Oleh: KH. Fawaid Abdullah*

مَنْ اَحَبَّ شَيْئًا فَهُوَ عَبْدُهُ

Barangsiapa yang sangat mencintai sesuatu, maka ia akan menjadi budak atau hamba baginya“.

Syahwat itu bisa menyebabkan kekuasaan atau kerajaan menjadikan hamba bagi seseorang. Artinya, semakin seseorang itu mengedepankan keinginan atau syahwat di dalam dirinya, semakin pula dirinya itu menjadi budak bagi syahwatnya.

Majalah Tebuireng

Pernah kita melihat misalnya, ada orang yang kesana-kemari tidak pernah merasa puas akan apa yang didapat oleh dirinya. Entah itu rizki, harta, tahta, kekuasaan, wanita, atau apapun namanya. Semakin ia mengejar nya maka semakin pula ia merasa kurang, kurang, dan kurang. Itulah yang saya maksud, bahwa ia telah diperbudak oleh syahwat yang ada dalam dirinya sendiri.

Bedanya dengan sabar? Kalau sabar itu justru sebaliknya. Dengan kesabaran seseorang itu, bisa menyebabkan seorang hamba itu bisa menjadi raja, atau mendapatkan kekuasaan. Dengan kesabaran, seseorang itu akan mendapatkan apa yang ia harapkan atau inginkan. 

Ingat cerita nabiyullah Yusuf ibn Ya’qub ibn Ishaq ibn Ibrahim ‘alaihi al-Salaam dengan Zulaikha. Zulaikha itu berada dalan puncak cintanya kepada Yusuf. Dengan kesabaran yang Zulaikha miliki dalam dirinya, ia rela menunggu Yusuf dengan segala resikonya. Begitu pun Yusuf, kekasih Allah ini rela bersabar dengan cara memuliakan Zulaikha yang menjadi “bekas” juragannya di dalam istana atau kerajaan.

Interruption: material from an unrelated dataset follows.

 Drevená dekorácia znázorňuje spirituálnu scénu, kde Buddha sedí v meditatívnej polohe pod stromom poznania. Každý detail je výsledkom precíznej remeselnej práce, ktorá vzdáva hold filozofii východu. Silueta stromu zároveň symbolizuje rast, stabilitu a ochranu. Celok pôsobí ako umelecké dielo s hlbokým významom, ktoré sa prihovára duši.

Bahkan Yusuf, rela bersakit-sakit ria dengan totalitas kesabarannya, dengan sekian lika-liku proses yang panjang. Akhirnya kedua hamba Allah ini menjadi pasangan jodoh yang kekal abadi nan indah.

Wa laqod hammat bihi wa hamma biha. Zulaikha cinta Yusuf, dan sebaliknya, Yusuf cinta Zulaikha. Itulah buah dari kesabaran cinta keduanya, sehingga mencapai tujuannya. Indah dan abadi. Itulah perbedaan dengan dyahwat. Syahwat itu karena cara mendapatkannya tidak dengan berdasar cinta di dalam dirinya, maka yang terjadi justru sebaliknya, tidak kekal dan bahkan musnah bersama syahwatnya. 

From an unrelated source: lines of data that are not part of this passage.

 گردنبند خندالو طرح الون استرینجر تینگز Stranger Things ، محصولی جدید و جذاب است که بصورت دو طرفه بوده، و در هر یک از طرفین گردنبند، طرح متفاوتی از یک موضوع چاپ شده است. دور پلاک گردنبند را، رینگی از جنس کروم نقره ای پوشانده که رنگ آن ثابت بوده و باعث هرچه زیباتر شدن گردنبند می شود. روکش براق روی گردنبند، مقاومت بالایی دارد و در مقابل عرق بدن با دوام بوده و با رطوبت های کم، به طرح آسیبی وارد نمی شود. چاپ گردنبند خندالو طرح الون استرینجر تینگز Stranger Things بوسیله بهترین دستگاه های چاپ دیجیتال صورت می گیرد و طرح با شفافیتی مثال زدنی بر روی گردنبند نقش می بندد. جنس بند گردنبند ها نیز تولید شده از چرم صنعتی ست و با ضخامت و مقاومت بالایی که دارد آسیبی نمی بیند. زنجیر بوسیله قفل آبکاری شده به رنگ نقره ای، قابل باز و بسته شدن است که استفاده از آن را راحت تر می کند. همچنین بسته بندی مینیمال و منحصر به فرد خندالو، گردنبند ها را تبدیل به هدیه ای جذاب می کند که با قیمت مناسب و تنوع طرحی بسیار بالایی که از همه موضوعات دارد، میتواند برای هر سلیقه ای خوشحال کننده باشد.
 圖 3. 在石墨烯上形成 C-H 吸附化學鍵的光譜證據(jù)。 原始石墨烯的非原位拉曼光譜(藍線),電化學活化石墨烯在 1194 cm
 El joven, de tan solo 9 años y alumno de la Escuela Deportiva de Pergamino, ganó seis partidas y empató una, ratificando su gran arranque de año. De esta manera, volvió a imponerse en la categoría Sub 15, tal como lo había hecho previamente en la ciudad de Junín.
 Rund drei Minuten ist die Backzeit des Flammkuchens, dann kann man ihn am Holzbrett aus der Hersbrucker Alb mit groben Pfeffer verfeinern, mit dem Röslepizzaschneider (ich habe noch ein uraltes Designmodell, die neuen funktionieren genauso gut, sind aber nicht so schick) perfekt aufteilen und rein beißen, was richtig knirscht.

Ingatlah legenda cerita Qarun, yang kemaruk dan rakus harta, akhirnya musnah bersama hartanya. Cerita Fir’aun yang juga musnah bersama kekuasaannya. 

Segala sesuatu itu kalau ingin indah dan abadi, dasarkanlah kepada kesabaran, bukan dengan syahwat. Karena syahwat itu dapat menyebabkan kehancuran, kerusakan, kehilangan, dan seterusnya. Wallahu A’lam.